Так что же было это? Сон? Мираж?
– Убийство, убийство! – передразнил меня Ряжский. Он находился в ярости, иначе никогда бы не позволил себе подобного. – Ну где он, ваш труп, я спрашиваю? Нет его! Устроили тут... балаган! Сорвали людей, которые, между прочим, находятся на службе! Развели... черт знает что такое развели! – Он даже вскочил в запальчивости. – Да вы хоть соображаете, милостивый государь, в какое положение вы меня поставили? По вашей милости все, вся округа знает о том, что произошло убийство. А теперь что начнется? Курам на смех! Над нами будут смеяться, да-с, милостивый государь! Потешаться будет каждый кому не лень! И все, между прочим, из-за вас!
Я человек довольно мирный, но в то мгновение мне мучительно захотелось дать ему пощечину и вызвать на дуэль. Прадедушка, помнится, был знатный дуэлист... Доктор Соловейко смотрел на меня с сочувствием.
– Может быть, вы просто ошиблись, Аполлинарий Евграфович? – начал он. – Ну, упал с поезда пьяный, потерял сознание, а вы приняли его за мертвеца?
– Конечно! – подхватил раздраженный Ряжский. – Проспался, пришел в чувство, да и отправился себе восвояси. А мы тут мечемся, ищем несуществующего убитого... Телеграммы отправляем, между прочим! – ядовито присовокупил он. – За казенный счет!
– Петровский не был пьян, – сердито сказал я.
– Откуда вы знаете? – даже вскочил с места Григорий Никанорович. – Что, были его собутыльником?
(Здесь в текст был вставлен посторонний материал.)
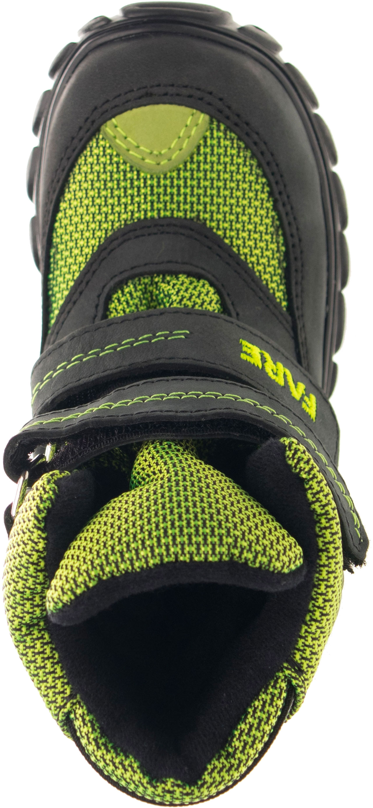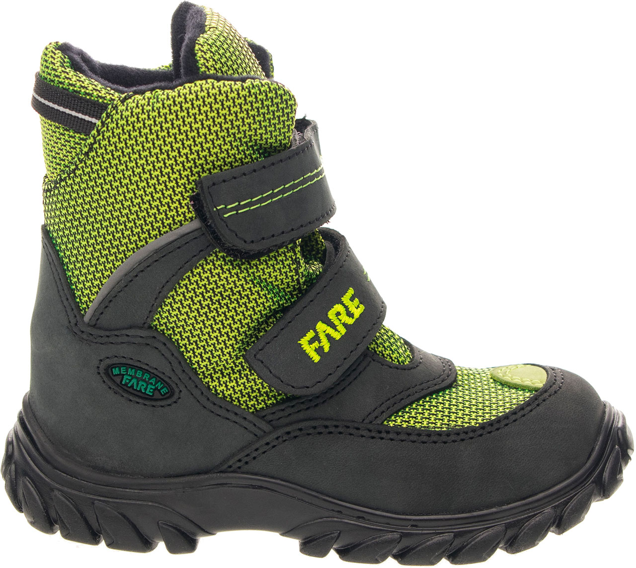 Zimní kotníčková obuv s membránou (FARE-TEX) se zapínáním na suchý zip. Vrchový materiál: přírodní hovězinová useň broušená (nubuk) v kombinaci s textilem. Podšívka je zimní s hřejivým, středně dlouhým vlasem.

– От него не пахло вином. – Я решил пропустить мимо ушей оскорбительное замечание исправника, хотя один только бог ведает, каких усилий мне это стоило. – И он не мог никуда уйти, поймите! У него была сломана шея!
Григорий Никанорович промычал что-то неразборчивое и, всплеснув руками, повалился обратно на камень.
– Голубчик, – мягко, но решительно промолвил доктор, – Аполлинарий Евграфович, вы же не врач. Как вы могли определить, что у него сломано?
– Если голова повернута под совершенно диким углом, не надо быть врачом, чтобы сделать соответствующие выводы, – упрямо возразил я. – Кроме того, он не дышал, и пульса у него не было. Он не мог никуда уйти.
– Однако же ушел! – крикнул Ряжский.
Доктор пожал плечами. Я видел, что он хотел бы верить мне, но сомневается.
– Если бы он ушел, кто-нибудь непременно бы его заметил, – сказал я. – И потом, у меня его паспорт. Петровскому в любом случае пришлось бы обратиться в полицию и сделать заявление о пропаже документов.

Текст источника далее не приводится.